What is encryption?
Encryption is a reversible message obfuscation technique which applies keys or mathematical models against a string of text. The key here is that, with the proper password or key, you can retrieve the original contents of the message.
Remember making up codes like “A=Z, B=Y, C=X” in school (this is a ROT13 Caesar Cipher by the way)?
That is encryption. Horrible encryption, since it is really easy to break, but it still counts.
What is Hashing?
Hashing is an irreversible message digest technique which applies mathematical models against a string of text. The same string of text will always generate the same output hash.
Let’s use MD5 because it’s old and people will comment on my blog if I mention it:
If I MD5 the word “hello”, I get the string “5D41402ABC4B2A76B9719D911017C592”
Go ahead, try it for yourself!
Every time you run a word through a hashing algorithm, it comes up with the same value. In theory, you can never “decrypt” a hash since the original information is no longer stored in it, just a representation of that data. This is the formats best selling point, and also it’s greatest weakness.
Password hashes, if unsalted/unpeppered, are vulnerable to these issues right out the gate:
- Collisions, since we are using a limited amount of characters (in the case of MD5, 32 hex or 128-bits), it would be fundamentally impossible to ensure there is no collisions when hashed strings are both longer and shorter than 32 hexadecimal bytes.
- Precomputed hashing tables “Rainbow Tables” — With enough time or storage, it is trivial to generate an MD5 hash of every common password (these lists are very easy to get). It is easy to reverse MD5/SHA1/any improperly handled hash. One of the biggest threats to password hashing is evolution — it used to take a “long time” to generate an MD5 hash, now GPUs can spit them out at astonishing rates. When your password is leaked by a company improperly storing your passwords, this is usually the first step — reverse all of the hashes.

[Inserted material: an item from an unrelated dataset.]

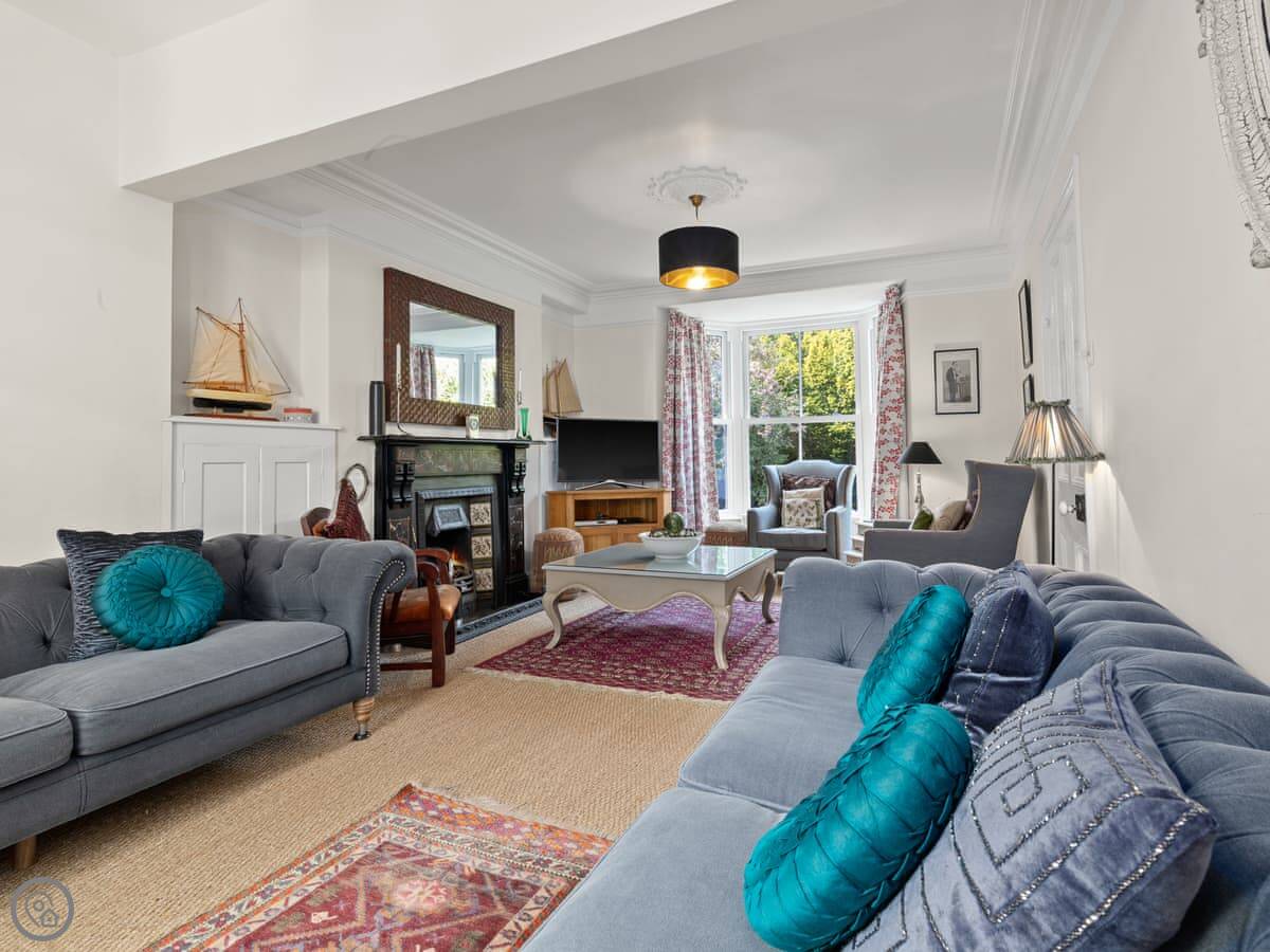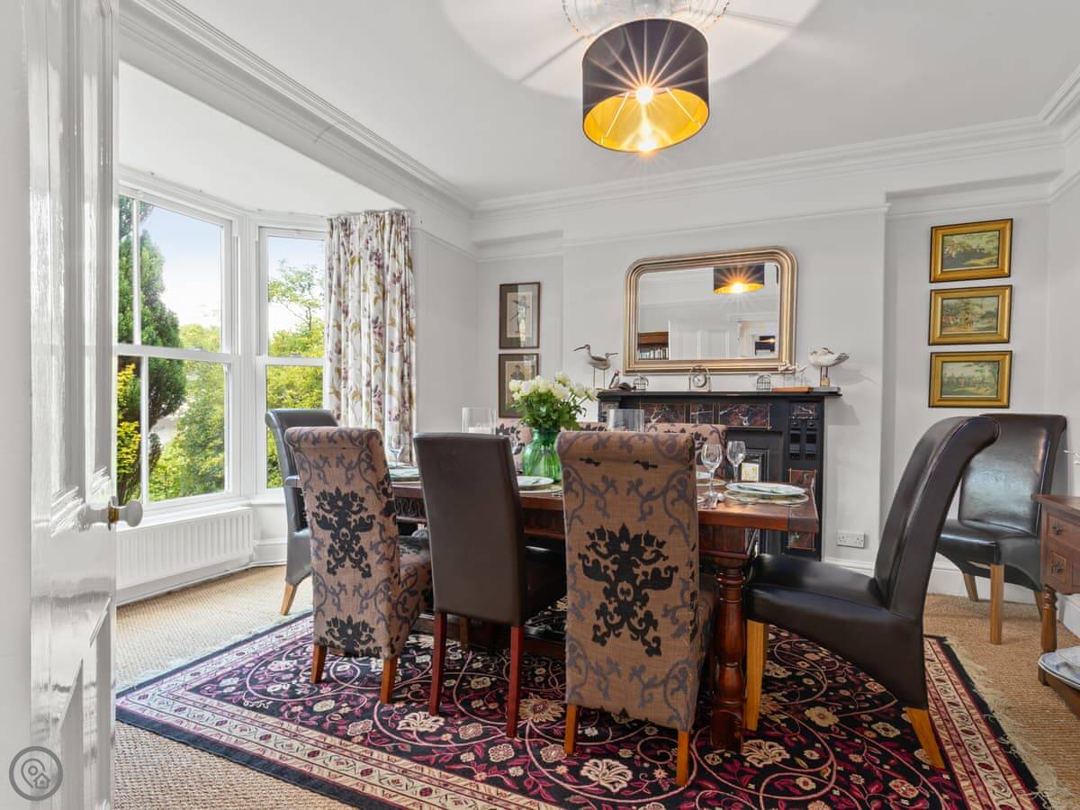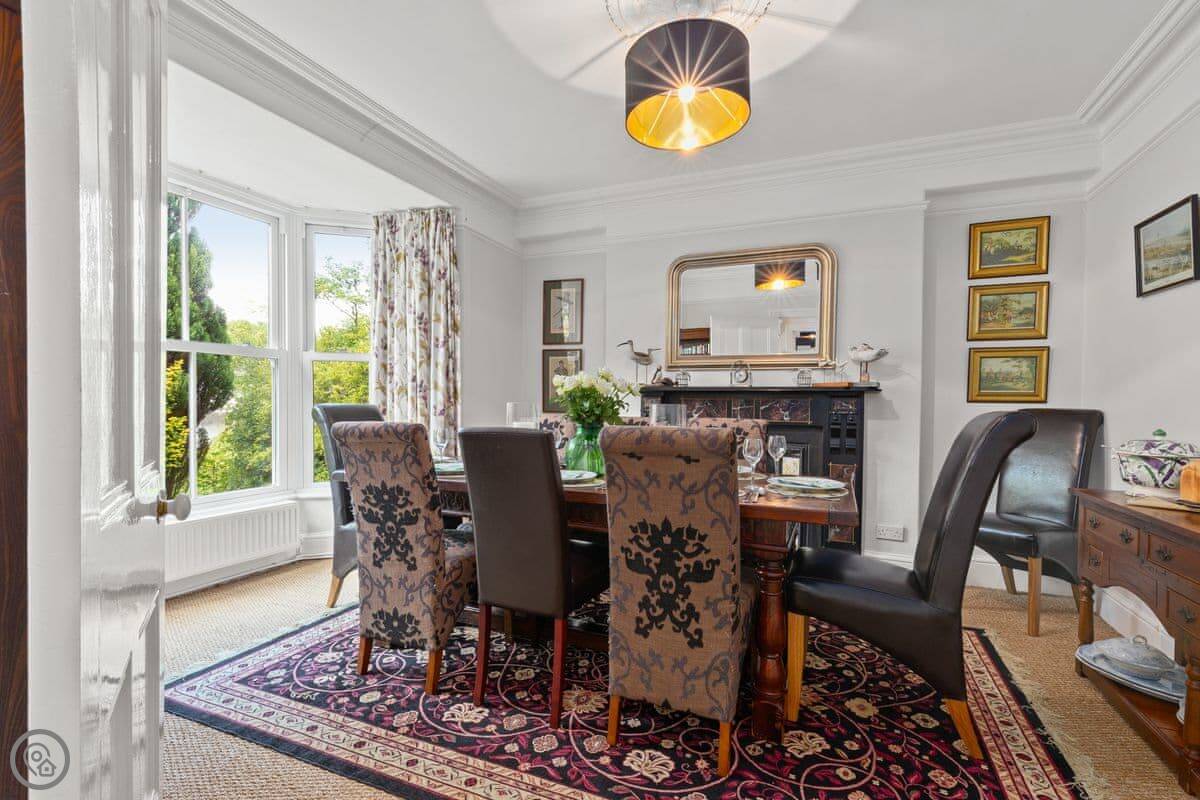 It's a 5 Star place, which means it's done up well. The work kept a lot of the old features like the fireplaces and the tiled floors, but it's got a new kitchen and comfy furniture. The rooms are big and light. The dining room has a table for ten by the bay window.

What is a salted or peppered hash?
Due to the risks of precomputed hash tables, programmers have to work around the users. People will still pick terrible passwords that rainbow tables will contain. For this reason, a properly salted password is one that contains a randomly generated string for each password on the site. This is important, as using the same salt is as good as using no salt. People will get an export of your database, and generate a new table specific for your application. Having a salt for each password drastically increases the time to successfully attack your userbase (this is where password expiration come into play).
A peppered hash is a bit more uncommon, but still has it’s place. This value is an additional salt that exists only in the software. These are generally common across all passwords or are generated from other repeatable values. The purpose is layers — if the database leaks, and the pepper didn’t, it will be harder to get a password.
What is a Password Hash?
Finally — the question the post was made to answer. A password hash is simply a representation of your password that is repeatable and difficult to recover for the owners of the system and for attackers.
When you create an account, your password is hashed, therefore the site has your password but stores it in a secure manner.
When you log into the site later on, your password is again hashed and that hashed value is compared to the one from the time you created your account. If there is a match, you’re logged in. If not, it is “Forgot my Password” time.